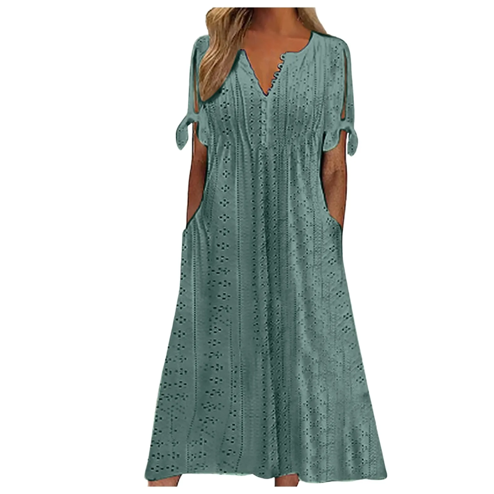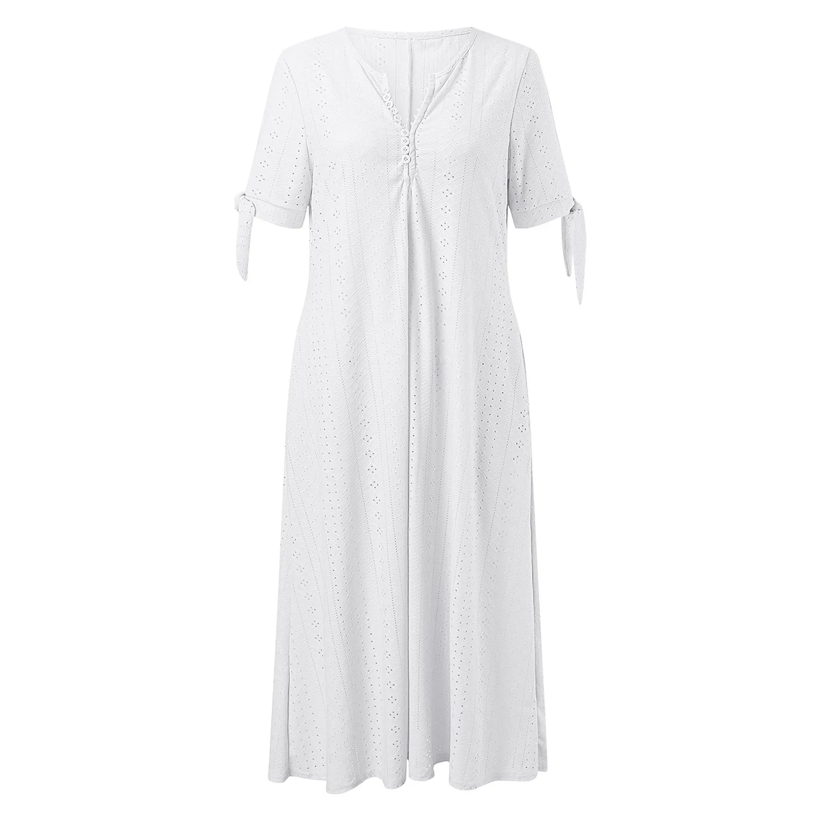 Women’s Casual Pleated Dress Solid Lace Hollow Button Pocket Dress Bow Short Sleeve V Neck Midi Dress
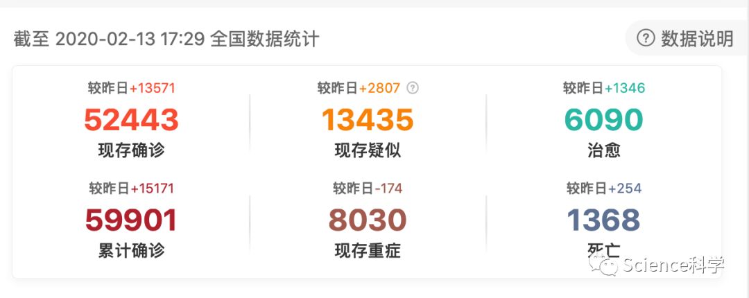 截至2月13日18时,据31个省(自治区、直辖市)和新疆生产建设兵团报告,现有确诊病例52443例,因诊断标准更改,新增13571例。(其中重症病例8030例),治愈6090例,死亡1368例,疑似13435例,累计收到港澳台地区通报确诊病例77例:香港特别行政区51例(死亡1例,治愈1例),澳门特别行政区10例(治愈出院2例),台湾地区18例(治愈出院1例)。
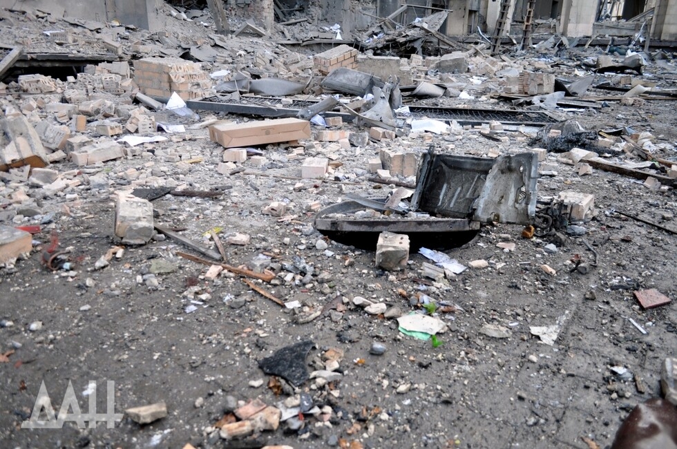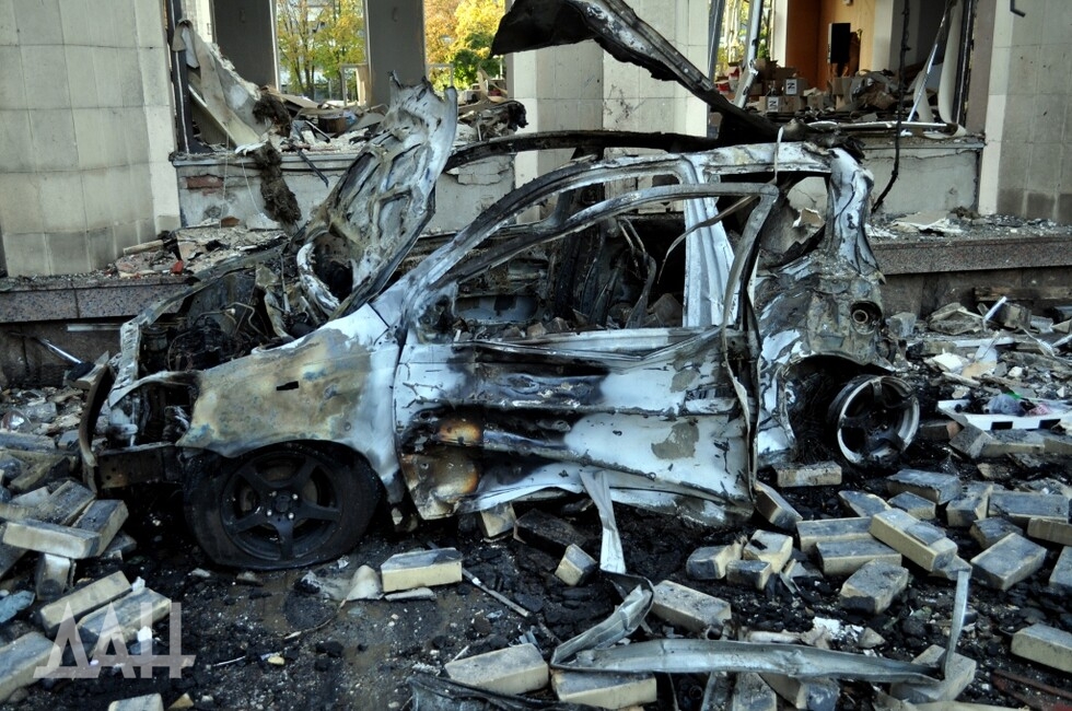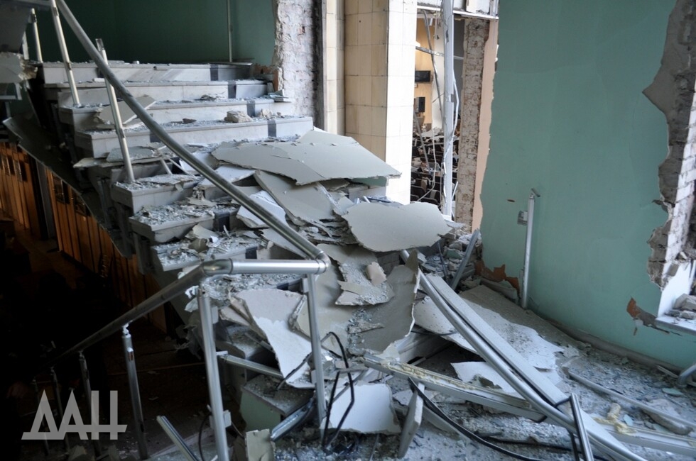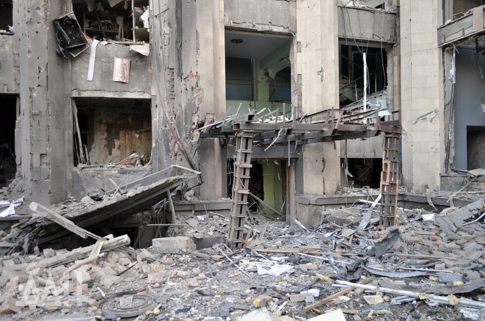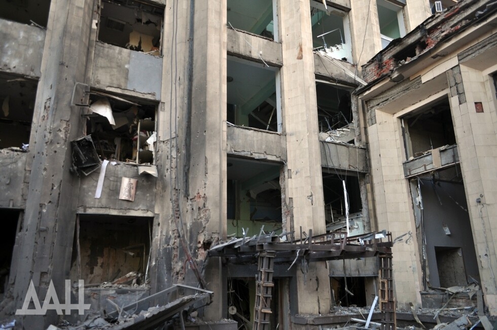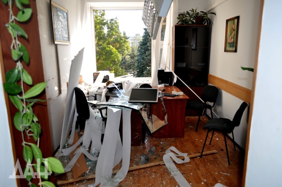 Донецк, 16 окт — ДАН. Здание городской администрации Донецка в Ворошиловском районе сегодня утром оказалось под обстрелом со стороны вооруженных формирований Украины. Корреспонденты ДАН отсняли последствия и собрали основную информацию о случившимся.
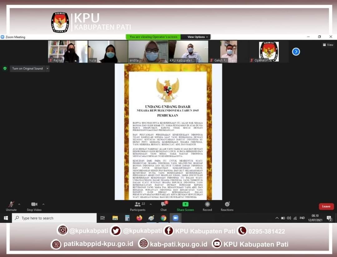 Sobat pemilih, Senin (12/7) KPU Kabupaten Pati mengawali kegiatan hari ini dengan apel pagi secara daring melalui zoom meeting. Apel dipimpin oleh Sekretaris KPU Kabupaten Pati, Sugeng Santosa S.Sos, dan diikuti oleh komisioner, pejabat struktural dan seluruh pegawai KPU Kabupaten Pati dengan tetap mematuhi protokol kesehatan.
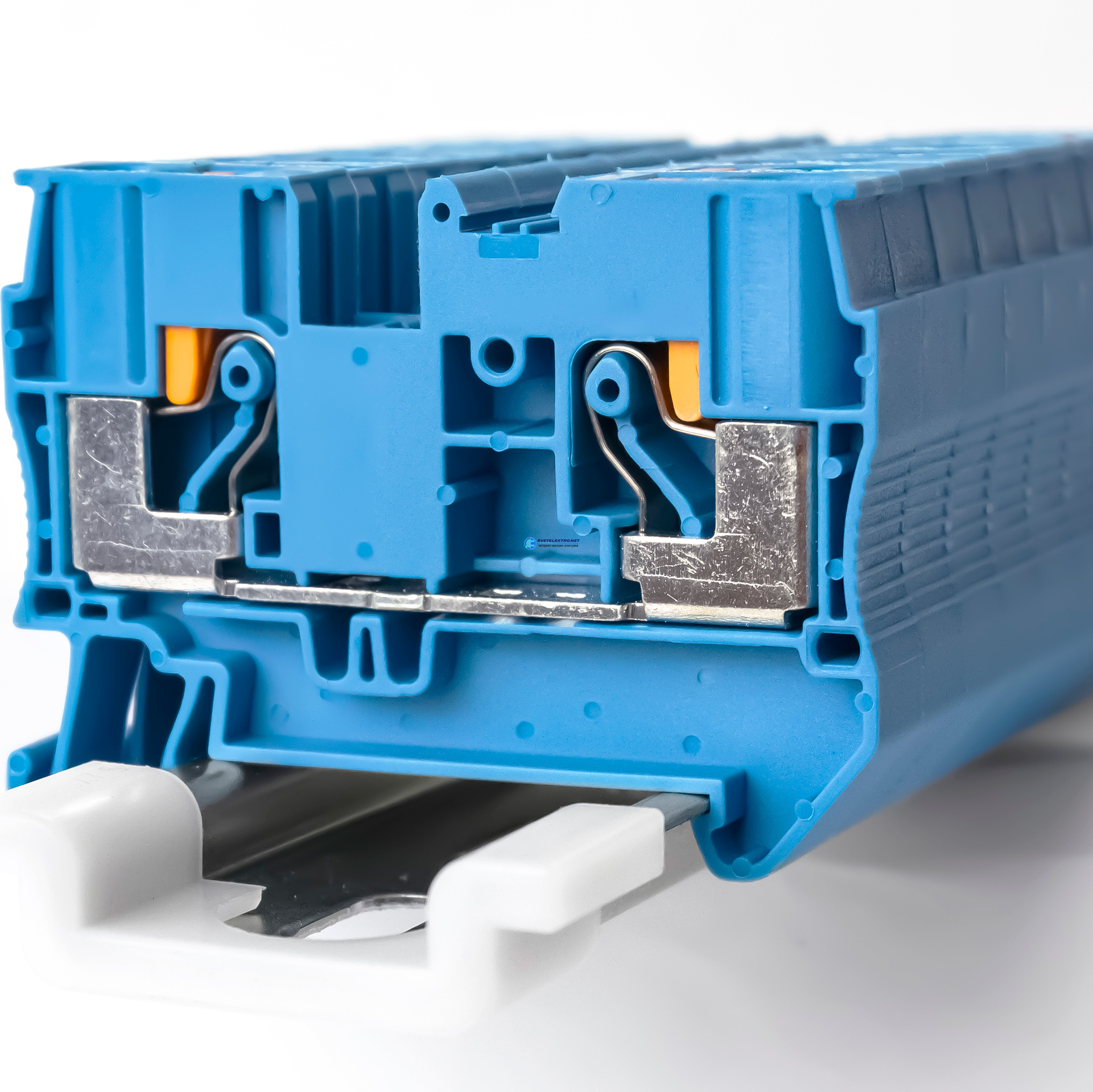 | Преимущества: | Технология Push-in|Сокращение времени монтажа до 80% по сравнению с винтовыми клеммами|Нет необходимости использовать инструмент при монтаже|2 ряда ножевых перемычек|2 боковых и 1 центральный паз для маркировки|Зажимная конструкция из нержавеющей стали|Вибростойкость|Устойчивость к коррозии: |

**Aim of the exercise:**
Give again, word for word, every line from the top of the data through the line with "Sobat pemilih, Senin", both ends included, and exclude the pictures.

**Task solution:**
 Women’s Casual Pleated Dress Solid Lace Hollow Button Pocket Dress Bow Short Sleeve V Neck Midi Dress
 截至2月13日18时,据31个省(自治区、直辖市)和新疆生产建设兵团报告,现有确诊病例52443例,因诊断标准更改,新增13571例。(其中重症病例8030例),治愈6090例,死亡1368例,疑似13435例,累计收到港澳台地区通报确诊病例77例:香港特别行政区51例(死亡1例,治愈1例),澳门特别行政区10例(治愈出院2例),台湾地区18例(治愈出院1例)。
 Донецк, 16 окт — ДАН. Здание городской администрации Донецка в Ворошиловском районе сегодня утром оказалось под обстрелом со стороны вооруженных формирований Украины. Корреспонденты ДАН отсняли последствия и собрали основную информацию о случившимся.
 Sobat pemilih, Senin (12/7) KPU Kabupaten Pati mengawali kegiatan hari ini dengan apel pagi secara daring melalui zoom meeting. Apel dipimpin oleh Sekretaris KPU Kabupaten Pati, Sugeng Santosa S.Sos, dan diikuti oleh komisioner, pejabat struktural dan seluruh pegawai KPU Kabupaten Pati dengan tetap mematuhi protokol kesehatan.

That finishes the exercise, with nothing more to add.